Billy - Any comments for Apache Hive ? If not good, Have another suggestion ?
Some questions you need to answer are:
Specifically which analytics tasks are most important?
Billy - For initial stage, we may perform outlier detection and predictive analytics first, another analytics will be perform later.
How will analysts need to work with the data?
Billy - Sorry, Don’t understand the meaning, Can take example for me ?
Will they primarily work by writing SQL queries, or do they actually need to create advanced models?
Billy - Need to create a data model for analytics.
Do you need to be able to query the data with SQL?
Billy - I knew and able to query the data with SQL
Do you or analysts have any analytics tools you prefer to use, or are you open to any ?
Billy - Still don’t know which tools is best. You are expertise, Can you recommend to us for open source and commercial tools ?
What is the size of the data? (You said “small,” but can you quantify this in a ballpark estimate for “millions of rows”?)
Billy - Difference table have difference size, the initial stage, I want to process two tables.
Billy - One table around half of million rows and other table around millions rows
How do you want to balance cost vs. time to implement and maintain? (Often there’s a trade-off where cheaper options require more labor to implement and maintain.)
Billy - As per current economic recession situation, Sure is cheaper options even require bit more labor to implement and maintain.
How frequently will you query the data?
Billy - Query data per month now, Need to change by your suggestion according to new analytics platform .
Do you have any other constraints? (A specific cloud provider you have to use, data privacy requirements, etc.)

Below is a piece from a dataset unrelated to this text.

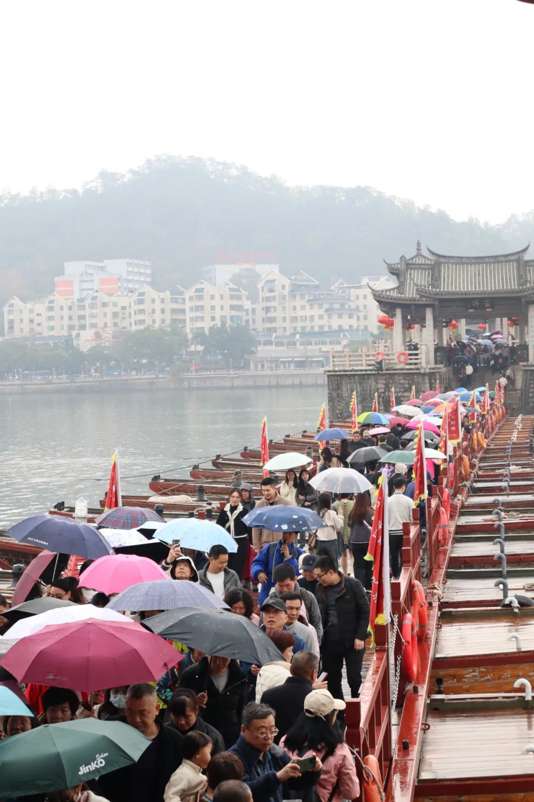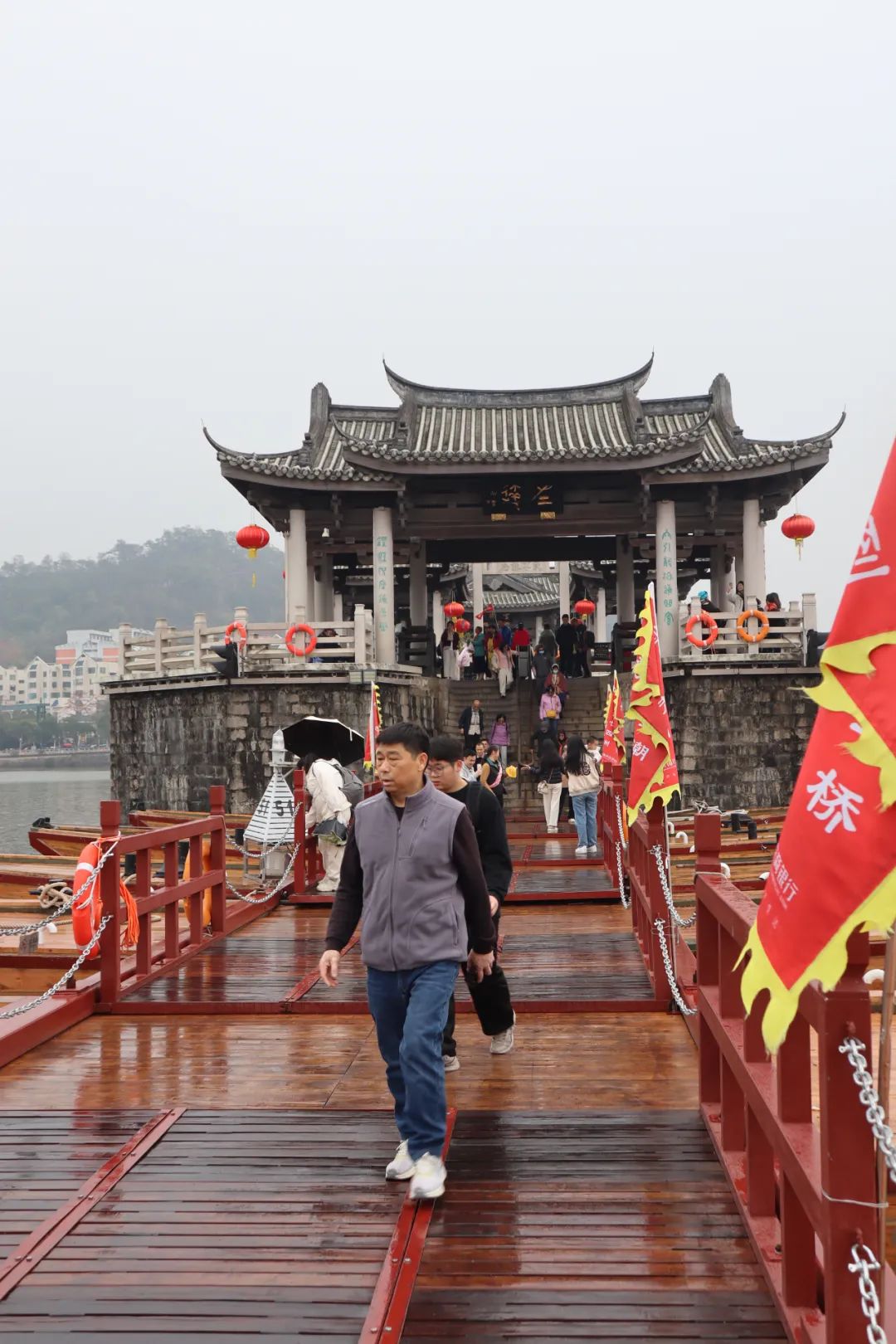 这个桥确实挺有特色的,中式风格的桥梁,加上中间部分由多艘船组合的桥面,可自由拆分,让船只过去,这点就让人觉得神奇,也佩服古代人的智慧,有如此神操作。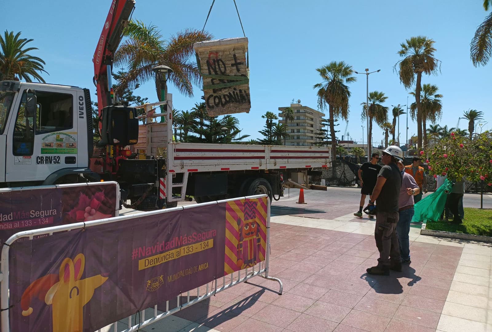 Luego de tres años y medio desde su destrucción, los restos del busto de Cristóbal Colón fueron retirados de la plaza que llevaba su nombre en Arica, trabajos realizados por la Municipalidad de Arica luego de un extenso proceso de estudios y autorizaciones.

Billy - No specific cloud provider constraints,
Billy - No more data privacy requirements in our company,
Billy - but at least the data belong to company, cannot disclose to outside.

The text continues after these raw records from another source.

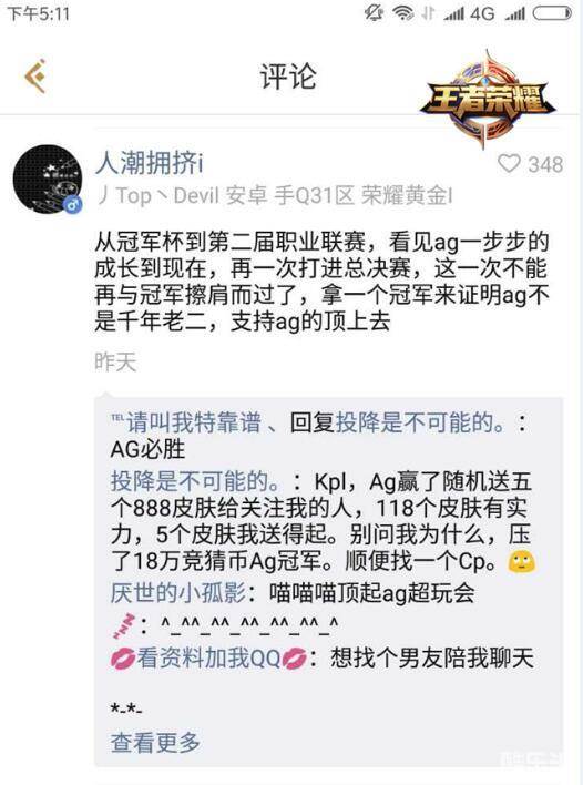 可见7月8日这场决赛,关乎着这位小伙子后半生的幸福生活,或许AG超玩会夺冠之时便无意间促成一段姻缘,加油AG超玩会!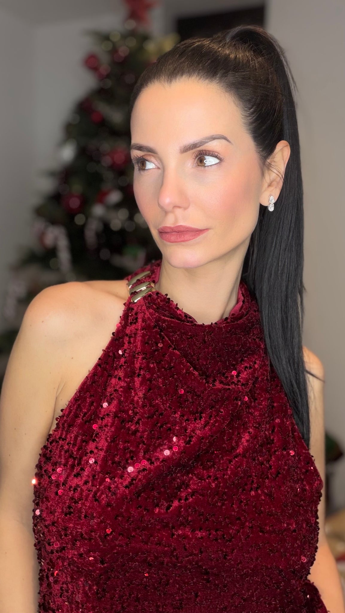 Top sans manches en velours recouvert de sequins Coloris bordeaux Col halter drapé avec boucl...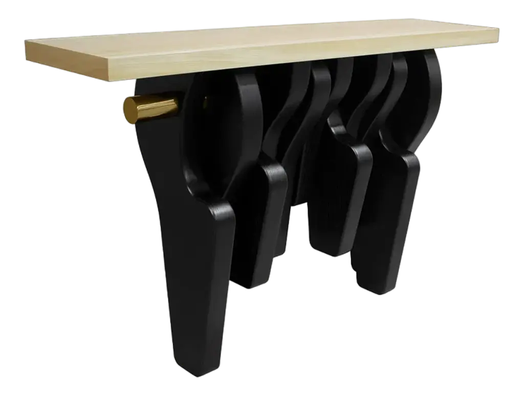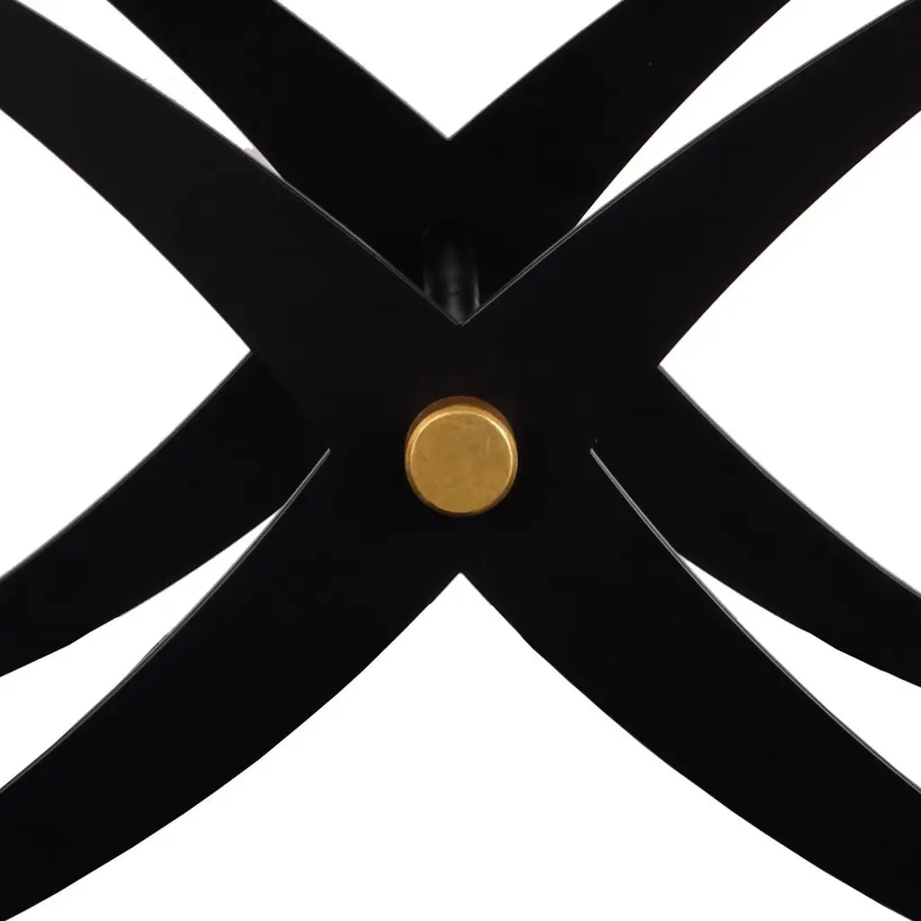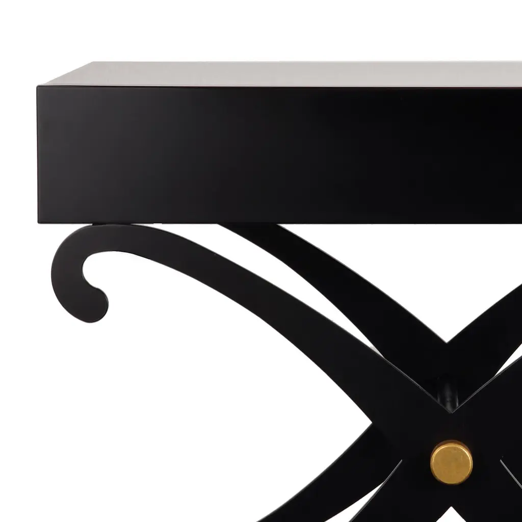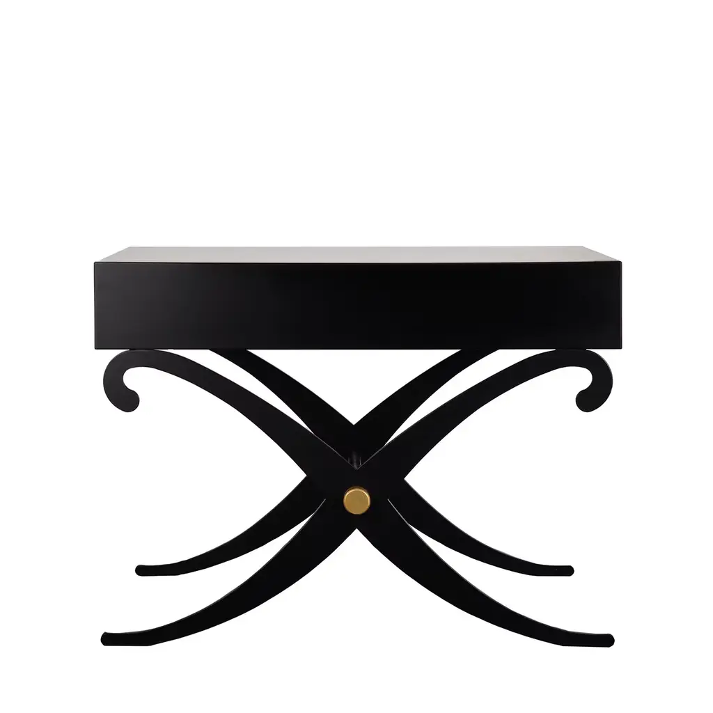 Designed by IC and realized by skilled Italian artisans, the top of the side table is crafted entirely in wood and lays on a curving cross-leg base with gold leaf detail. It is of exemplary quality and can be used either as nightstand or side table.Finish: black lacquered and gold leaf.Dimensions (cm): W 78 x D 52 x H 58.

Depending on the answers to those questions, some options might be (this is by no means an exhaustive list, just a few options off the top of my head!):
A standard relational database (such as Postgres, MySQL, Oracle)
A data lake, implemented for example as csv / parquet / json files in AWS S3
Billy - We are using MS SQL database
If your data size is actually relatively small, and you anticipate it will remain relatively small for the near future (1-3 years), I would strongly encourage you to avoid “big data” tools like Hadoop, Spark, MapReduce, etc. These tools typically only make sense if your data is very large –
Billy - How large the data to use such tools as per your experience ?
otherwise they just add needless complexity and make every task take 4 times as long as it needs to.
You can get a long way with a simple relational database, some SQL queries, and occasionally exporting data to model using scikit-learn!
You may also explore tools like Mode Analytics (which we use at Dataquest), Sisense/Periscope, AWS Athena, etc., which may make your analytics work much easier.
Billy - All above tools running on cloud, right ?
Billy - If yes, our boss don’t like put his company data to cloud, have other tools can do that ? (Open source is better)
P.S The Epidemic are popular now, Wish all the members of Data Quest is in good health.